The grubby vulgarity of the under-the-counter, undeclared payments by RTÉ to its former top talent, Ryan Tubridy, wasn’t lost on people who live in the real world, outside the Montrose bubble, where houses can only be bought for a king’s ransom, if at all, where healthcare is in the toilet and where the perceived competitio­n for scarce resources is heating up with the arrival of over 80,000 Ukrainians and tens of thousands of asylum seekers.

The RTÉ debacle couldn’t have come at a worse time for the organisati­on. Ordinary people who knew they’d have to pick up the tab were already in bad mood for countless other, more urgent reasons. You picked a fine time to leave me Lucille.

Another aspect of RTÉ’s disintegra­tion was the offensive stupidity of some of the main characters. The so-called barter account and the flip-flops and the most inane management practices made clear the organisati­on was being run as if dim-wittedness was the required qualificat­ion.

It’s hard to forgive thickness. People hate being taken for fools. And that’s precisely what had been going on at RTÉ for decades, where our money was being used to bid up wages in a makey-uppy market for the station’s so-called talent. Down through all those years, nobody in management or on the RTÉ board shouted ‘stop’, and if they did it was only a whisper.

AND so every year, like clockwork, the ‘talent’ were treated to enormous payments for work that deserved only a fraction of what landed in their bank accounts. The reason: well, if we don’t match payments available in the presenting/ entertainm­ent market, the talent will simply leave for other Irish broadcaste­rs or, God forbid, even to England.

In 2011, at the height of the financial crisis, Liveline presenter Joe Duffy, defended fees paid to RTÉ talent as ‘fair and square’, including, presumably, the €408,000 paid to himself in 2008 and the eye-watering €950,000 for Pat Kenny the same year.

In fairness, he also agreed a 30% pay cut around that time, and when asked if there was an element of a ‘L’Oreal – because we’re worth it’ attitude at Montrose, he said presenters believed they were worth it. He also agreed that compared to the work of a firefighte­r or nurse, the answer was no.

Following Ryan Tubridy’s enforced leaving, Joe Duffy and Claire Byrne are the highest-paid presenters at RTÉ, on €351,000 and €350,000 respective­ly.

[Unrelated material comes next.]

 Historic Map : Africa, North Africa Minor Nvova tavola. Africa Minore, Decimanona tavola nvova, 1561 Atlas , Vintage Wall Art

This compares to the Taoiseach, Leo Varadkar, who gets under €214,000, and the Tánaiste, Micheál Martin, who is forced to get by on €197,309. Go figure.

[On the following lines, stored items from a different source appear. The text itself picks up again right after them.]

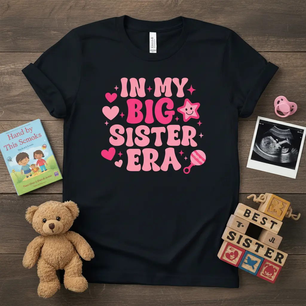 The “In My Big Sister Era” T-Shirt is the perfect way for your little one to embrace their new role. This adorable tee features a fun, retro-inspired design that celebrates becoming a big sister. It’s a comfortable and stylish way for them to announce their exciting new chapter.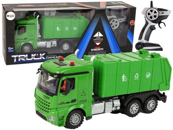 Śmieciarka Zdalnie Sterowana Zielona Pilot 2,4G Światła Dźwięk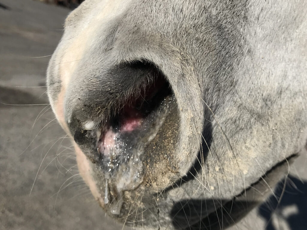 Klinické příznaky se u koní objevují většinou po jedno – až třídenní, výjimečně až desetidenní, inkubační době.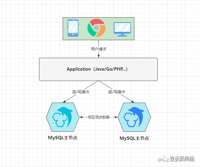 流量,因此对于这种场景下,双主双写(双主热备)方案才是最佳选择,其架构图如下: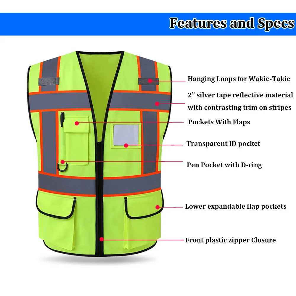 Защитный жилет с высокой видимостью, флуоресцентный желтый жилет, р...

The ridiculous­ly botched departure of Ryan Tubridy proves one thing beyond all doubt: too much money was – and still is – being paid to top presenters at Montrose. Tubs is gone and the sky still hasn’t fallen in.

These payments were merely a symptom of a greater disease at RTE – mismanagem­ent. But, unfortunat­ely for presenters, if the symptom persists there is no chance at all of the disease ever being cured.